Nov. 13, 2017

SUNTORY TOMI NO OKA WINERY "From the Site of Viticulture" 2017 Yamanashi Nouveau Wines Koshu and Muscat Bailey A

Yamanashi Nouveau Wines are nouveau wines made with Koshu and Muscat Bailey A grapes harvested in Yamanashi Prefecture. They have an annual release date of November 3 as set by the Yamanashi Prefecture Wine Manufacturers’ Association. All products sold this year use 100% Yamanashi Prefecture-produced grapes.

Deep into autumn, the time for the harvest and nouveau wines has arrived.
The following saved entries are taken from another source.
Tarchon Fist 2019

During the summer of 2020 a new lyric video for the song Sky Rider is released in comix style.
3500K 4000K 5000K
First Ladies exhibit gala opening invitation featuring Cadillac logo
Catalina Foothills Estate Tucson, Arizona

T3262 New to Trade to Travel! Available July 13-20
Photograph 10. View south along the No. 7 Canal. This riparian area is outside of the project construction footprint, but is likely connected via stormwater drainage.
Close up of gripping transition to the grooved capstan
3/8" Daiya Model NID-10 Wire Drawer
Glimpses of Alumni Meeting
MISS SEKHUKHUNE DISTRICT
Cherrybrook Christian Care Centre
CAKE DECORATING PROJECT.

Grapes destined for our nouveau wines are cultivated with great care at numerous contract vineyards throughout Yamanashi Prefecture and then delivered to the Tomi No Oka Winery. As the harvest approaches, staff from the Tomi No Oka Winery set out for the vineyards as the grapes are starting to turn color to ensure that the grapes are healthy and to test them for sugar content, acidity, aroma and so forth by actually tasting them. Because grapes mature at different rates depending on the location of the field, we coordinate with vineyards to ensure all grapes are harvested at just the right time.
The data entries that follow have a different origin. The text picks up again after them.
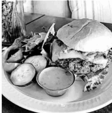
No trip to New Mexico is complete without a green chile cheeseburger, as long as you've got the stomach – or antacids – for it.
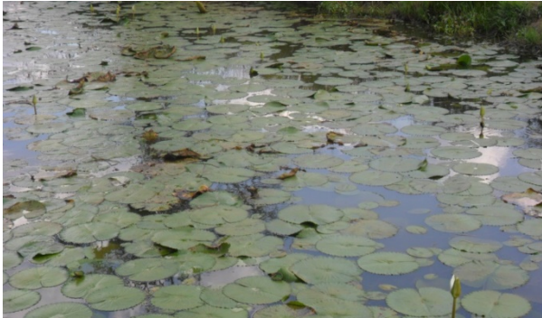
Floating vegetation in artificial dams
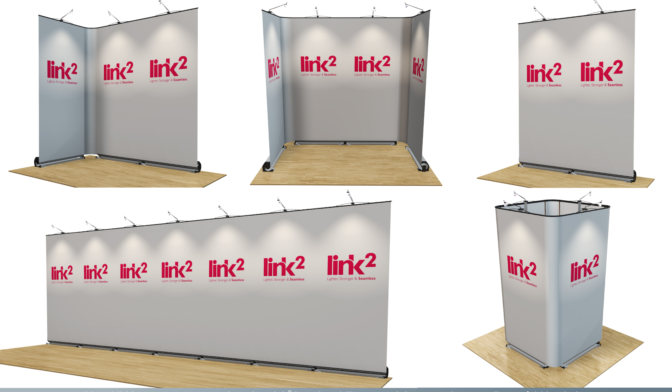
With exhibition space at a premium the Link<sup>2</sup> has the ability to go right up against a wall. Just fold back the rear stabilising feet and push back up against a wall.

BUILD SMALL TO MEDIUM EXHIBITION STANDS USING LINK<sup>2</sup>
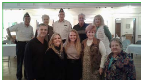
Post 54 Oratorical Winner and Family
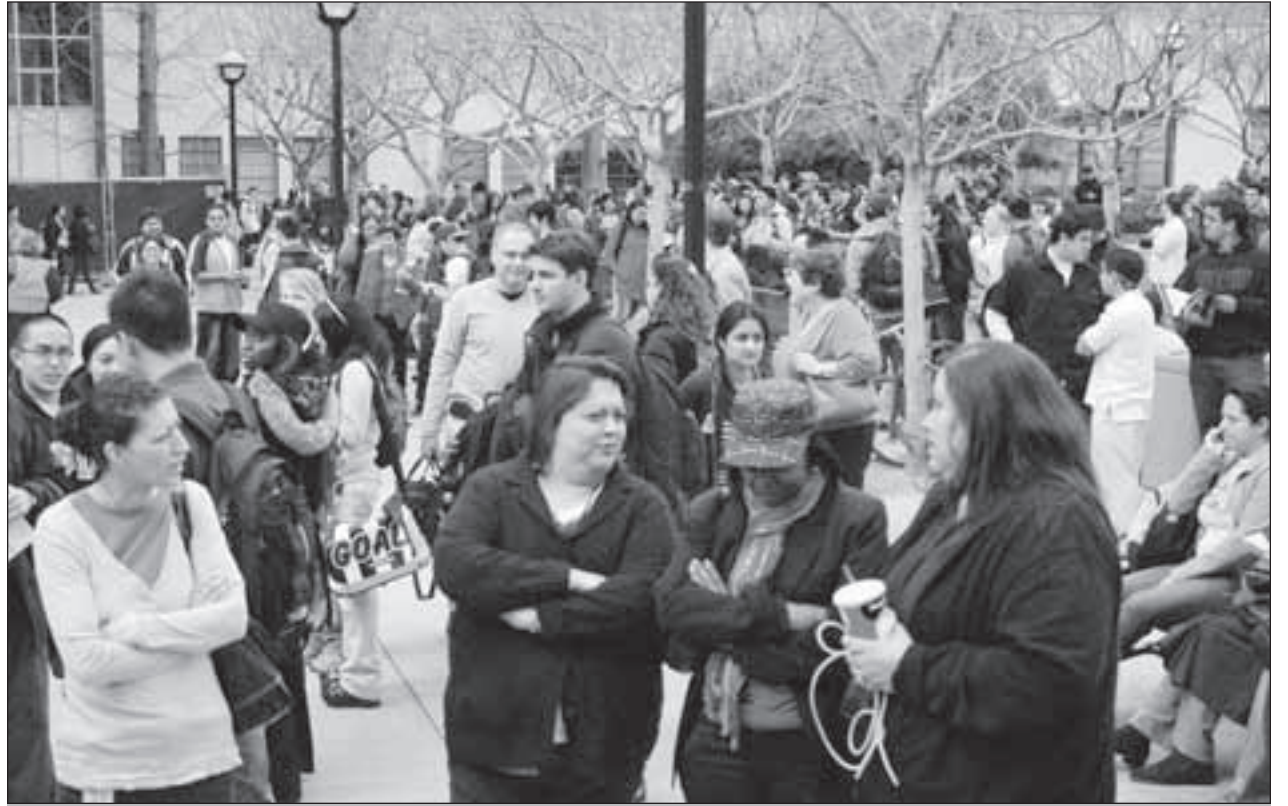
Nelson Aburto / Spartan Daily

Once the grapes are finally harvested and delivered to the Tomi No Oka Winery, staff work together to load the grapes onto truck beds and quickly transport them to the next stage.

Staff load Muscat Bailey A into carriers

Production personnel check the flavor of the grapes

The amount of summertime sunlight was lower than usual this year. This resulted in grapes with a crisp acidity and fresh taste. For that reason, we deliberately vinted the wine to highlight the bright aroma.

Muscat Bailey A during fermentation

Koshu, the Distinctive Japanese Variety

This year’s Yamanshi nouveau Koshu had robust stalks that could potentially jam the machinery so the grapes were fully stripped before being pressed. The fruit, which was firm and robust, gave us pure juice.

As an agricultural product, grapes are not the same every year. That is why making wine entails a laborious process of trial and error to find the right vinting method for the grapes. That, of course, is the true pleasure of winemaking.

Pressed juicePressed juiceKoshu fermenting in the tank

This year’s Koshu has the sweet aroma of white flowers and the slightly honey-like aroma of fruits such as fresh pear. There is also the cool, refreshing hint of herbs. It has a delicate, light taste with a sweet and tart sensation of fruit, like eating a sweet pomelo. It finishes with a fruity aroma.

Muscat Bailey A’s attack has a fresh acidity yet still creates a gentle fruity sensation in the mouth for a bright, refreshing taste. The rich acidity spreads in the second half and then finishes in a fruity aftertaste.

And then there is our new product, Muscat Bailey A Rosé. With its soft mouthfeel, it perfectly balances refreshing acidity with a nice sweetness. In the middle stage the fruity sensation spreads, while the sweet candy aroma of Muscat Bailey A continues into the finish.